Матрос еще пробежал по инерции несколько шагов, замер в двух метрах от «раненого», все еще не в силах убрать наведенный на него ствол боевого оружия. Гневным взмахом Мосолов зашвырнул револьвер в снег, бросился на жертву с кулаками. Яшка не отставал от матроса. Промов, убедившись, что Шапиро не задет пулей, на секунду оторопел, потом кинулся разнимать троицу. Били оператора не шутейно, во всю мощь, вызванную пережитым ужасом.
Промов отрывал то одного бойца, совавшего кулаками в физиономию Шапиро, то другого. Обоих разом унять он не мог.
Из-за палатки выскочила толпа, привлеченная выстрелом. Еще не успев разглядеть драки, Семин радостно крикнул:
– Подстрелили?
Мосолов, сидевший в сугробе после увесистого броска, проделанного журналистом, злорадно, в тон секретарю выпалил:
– А то как же! Одного еврейского осла! Наповал!..
Он убийственно глянул в сторону сидевшего на коленях Шапиро, тот горстью снега пытался остановить текущую из носа кровь, и пришлепнул:
– Ишь, клоун!..
Яшка, тоже приземленный на лед, тяжело дышал, на лице его еще гуляла злоба, разбавленная нервным переживанием. Дыхание его вдруг сбилось, он начал заливисто, почти истерично хохотать:
– А я гляжу… снег из-под него летит… ровно как из-под куры… которой башку отрубили и на волю пустили… а она… она в сугробах кувыркается… думаю: «Тут и достреливать не нужно… сам дойдет»… Вот кого в артисты надо… талант!
Вечером сидели в клубе. Без лекций, без выступлений. Таскали из близко лежащей столовой кастрюли кипятка, непрестанно заваривали чай. Мосолов не глядел в сторону распухшего от побоев лица кинооператора – до сих пор злился. Тот поскучал чуток в уголке, половил на себе разномастные взгляды – то смешливые, то недовольные, то женские – жалеющие и ласковые, и ушел из клуба в палатку, к месту проживания. Промов уговорил Семина, и тот не стал докладывать Шмидту о неудачном выстреле на аэродроме.

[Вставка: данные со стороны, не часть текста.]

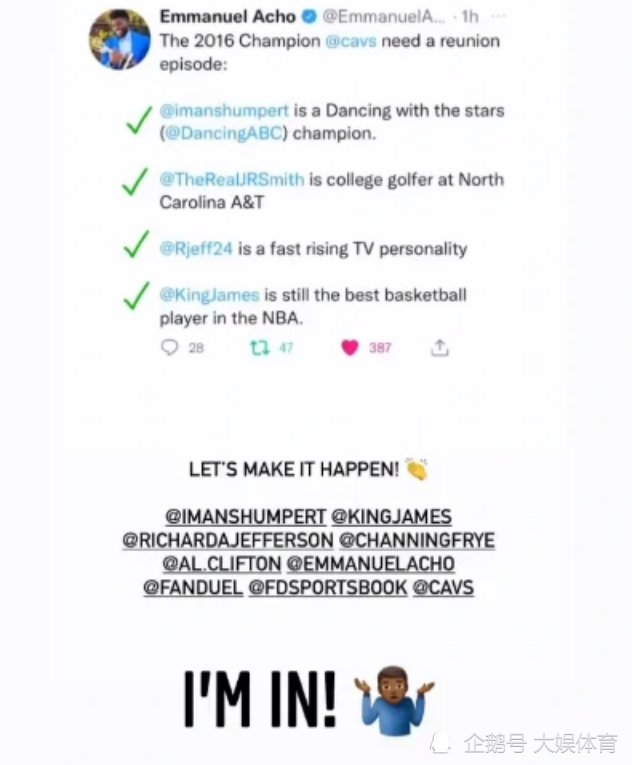 詹姆斯 詹姆斯响应2016年骑士队夺冠成员重聚的建议,生涯最重要冠军! 北京时间11月2...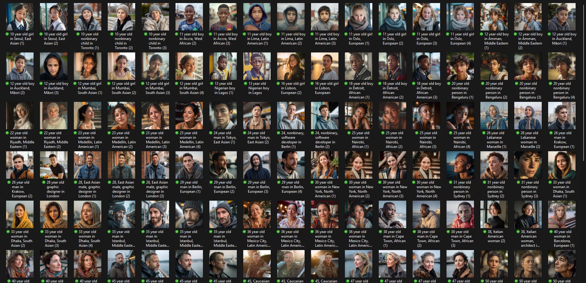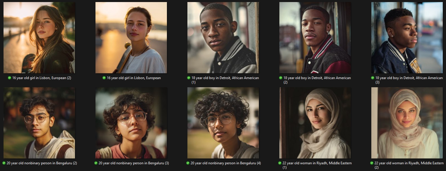 Realistic portraits, natural light, everyday backgrounds.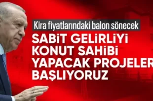 Ev fiyatlarındaki düşüş için bir sosyal konut seferberliği başlatmayı planladıklarını söyleyen Cumhurbaşkanı Erdoğan, “Ülkemizde bir sosyal konut seferberliği başlatmayı planlıyoruz. Sabit gelirli vatandaşlarımızı konut sahibi yapmanın adımlarını atacağız” dedi. AK Parti Bursa 8. Olağan İl Kongresi’nde konuşan Cumhurbaşkanı Recep Tayyip Erdoğan, konut fiyatlarına değindi. Cumhurbaşkanı Erdoğan, vatandaşlara konut fiyatlarında yeni adımlar …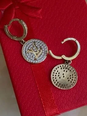 New Real Solid 14K yellow gold Drop Hoop Earrings designer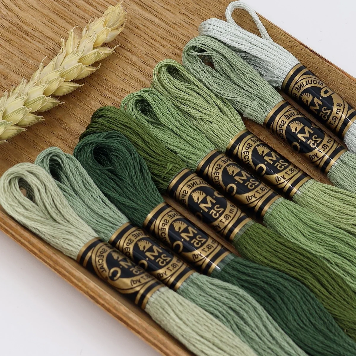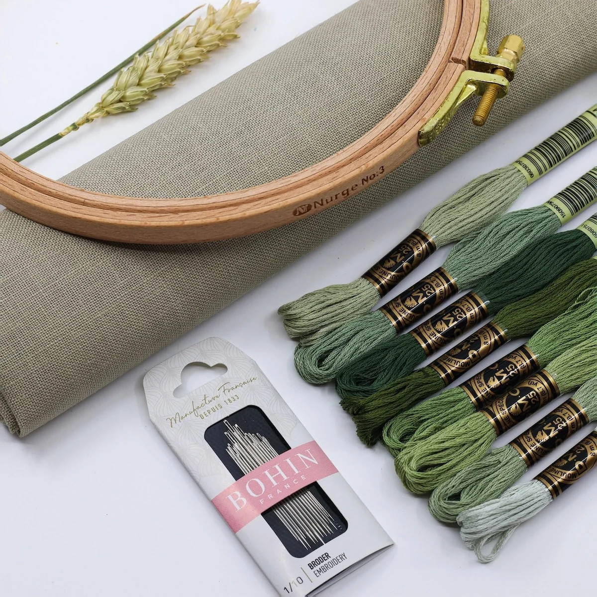 Um recorte de linho numa cor que entra em perfeita sintonia com o conjunto de 8 meadas DMC Mouliné Spécial;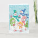 Facile de customiser la carte de Noël, il suffit d'ajouter vos noms! Pour modifier la police ou la couleur de l'arrière - plan, cliquez sur "customiser". Illustration vintage Design de Noël mettant en vedette une famille de bonhomme de neige heureuse avec maman, papa et les enfants des neiges tenant des cadeaux de Noël et un arbre de Noël. Il neige avec de grosses flocons de neige qui tombent. Leurs foulards et leurs casquettes sont tous de couleurs différentes, rouge, jaune, vert et blues.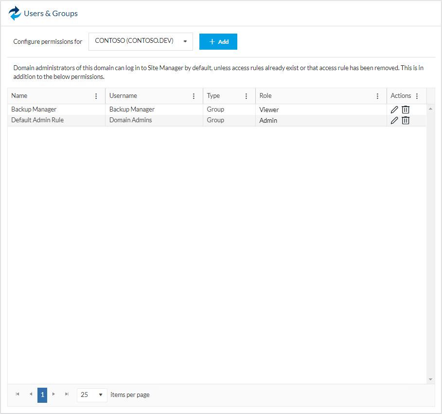 Additional users and groups can be granted access to SiteManager Platform, SiteBackup, and SiteDeploy and assigned roles to control how much access they have. Permissions are configured separately for each provider, select the correct provider from the dropdown before configuring permissions:

Трещали еловые дрова в железной печурке, расточая снопы веселых искр, по клубу разливалось тепло, можно было расстегнуть полушубок или даже вовсе его снять, остаться в одном свитере. За разукрашенными морозом крохотными стеклами дотаивал короткий день, поднимался слабый пока еще ветер.
Бродили по клубу тихие разговоры, люди разбились на компании по пять-шесть человек, болтали, обсуждали ничего не значащие пустяки, бытовые проблемы.

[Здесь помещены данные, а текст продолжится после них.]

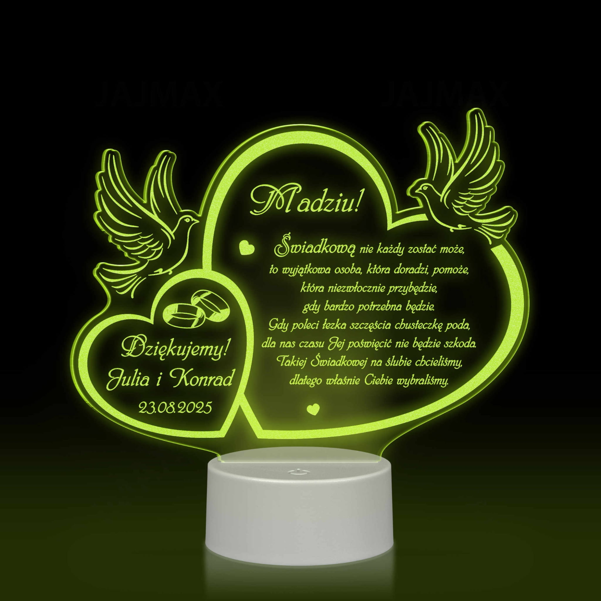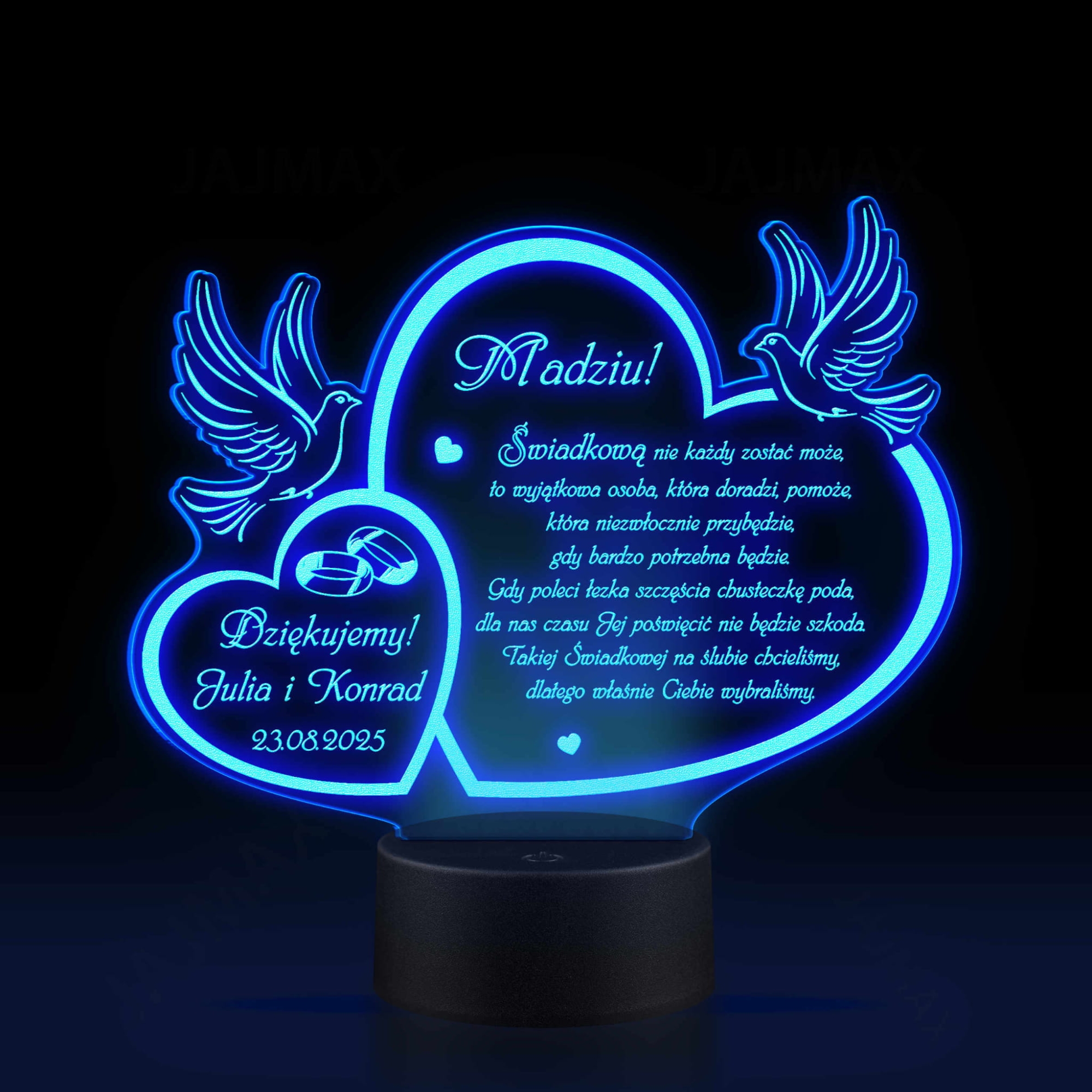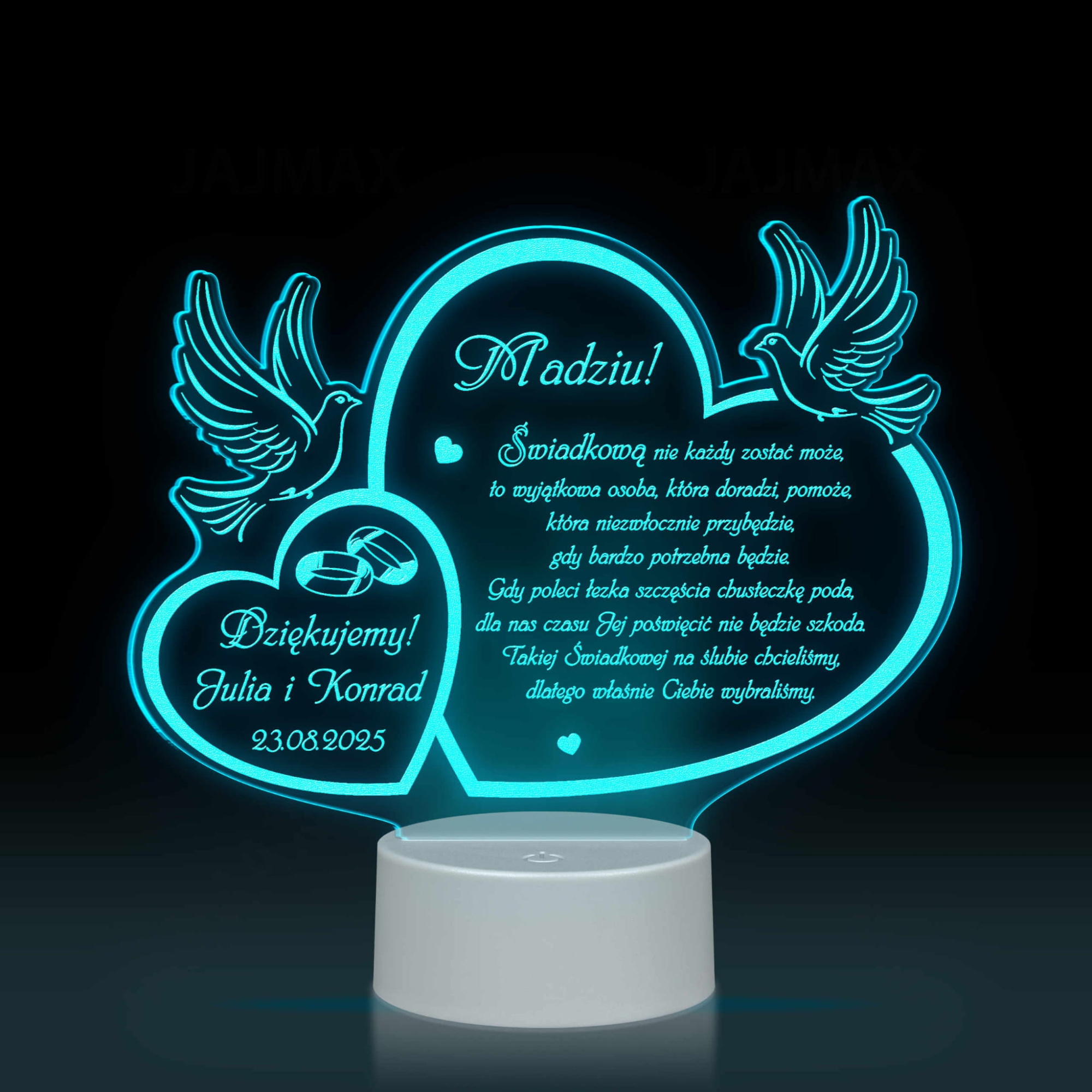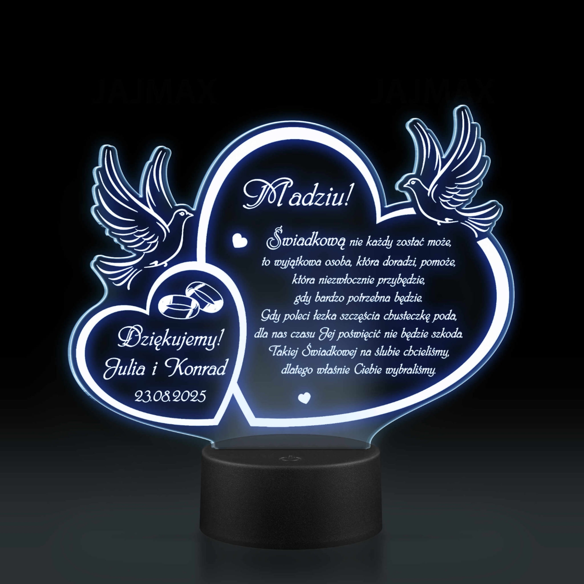 Tradycją praktycznie na każdym ślubie są podziękowania dla rodziców, podziękowania dla chrzestnych, podziękowania dla dziadków, podziękowania dla świadków. Zazwyczaj są to po prostu kwiaty lub dobry alkohol. Jeśli jednak chcesz podarować swoim najbliższym bardziej wyszukany prezent jako podziękowania dla gościw dniu ślubu zachęcamy do zakupu naszych akrylowych statuetek. Spersonalizowana statuetka LED z indywidualnym grawerem to wyjątkowa pamiątka i piękny sposób na podziękowania za trud włożony w wychowanie i pomoc w organizacji ślubu i wesela. Kształt proponowanej statuetki w formie dwóch serc i gołąbków idealnie wpisuje się w symbolikę uroczystości zawarcia związku małżeńskiego. Do wyboru mamy dwa kolory podstawek: biały i czarny. Statuetki wycinane i grawerowane są na sprzęcie wysokiej klasy, dlatego możesz mieć pewność, że kupując w naszym sklepie internetowym otrzymasz produkt najwyższej jakości. Statuetka LED z pięknym tekstem i waszą dedykacją to unikatowa pamiątka ślubna, która z pewnością ozdobi mieszkania waszych najbliższych i będzie przypominać o tym wyjątkowym dniu przez długie lata.

Промов неизвестно почему вдруг представил, что открылась дверь и вошел к ним сюда живой Могилевич. Сел рядом с ним, с Промовым, рассказал что-то такое, о чем говорят нынче окружавшие его люди, какую-нибудь историю о своих сыновьях. Борису невольно вспомнилась жена, опять полезли застарелые, трижды обкатанные мысли: «Родим ли мы с тобой кого-то? Порадуемся детям? Даже если вернусь благополучно – не уверен. Пять лет прожили…»

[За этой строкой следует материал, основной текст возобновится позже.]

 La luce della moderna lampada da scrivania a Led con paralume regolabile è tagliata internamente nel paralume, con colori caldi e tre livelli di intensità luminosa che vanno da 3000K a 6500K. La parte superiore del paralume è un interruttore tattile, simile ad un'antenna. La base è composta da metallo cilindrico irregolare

К нему подсел Яшка, видя настроение приятеля, толкнул его кулаком в колено:
– Борь, расскажи что-нибудь. У тебя здорово получается.
Промов с теплотой поглядел на него: «Уж не врачевать ли ты пришел, милый друг? Отвлечь меня от моих фантомов пытаешься? Спасибо, припомню».
– Из какой области хотелось бы тебе историю?
Яшка подумал, поискал глазами в зале, пошарил на потолке:
– Ну вот, как Шапиро…
Он против воли усмехнулся:
– Чего это он ушел, кстати?.. Как Шапиро говорит: смотришь на картину, а там целый рассказ по сюжету разворачивается. Такое что-нибудь, интересное.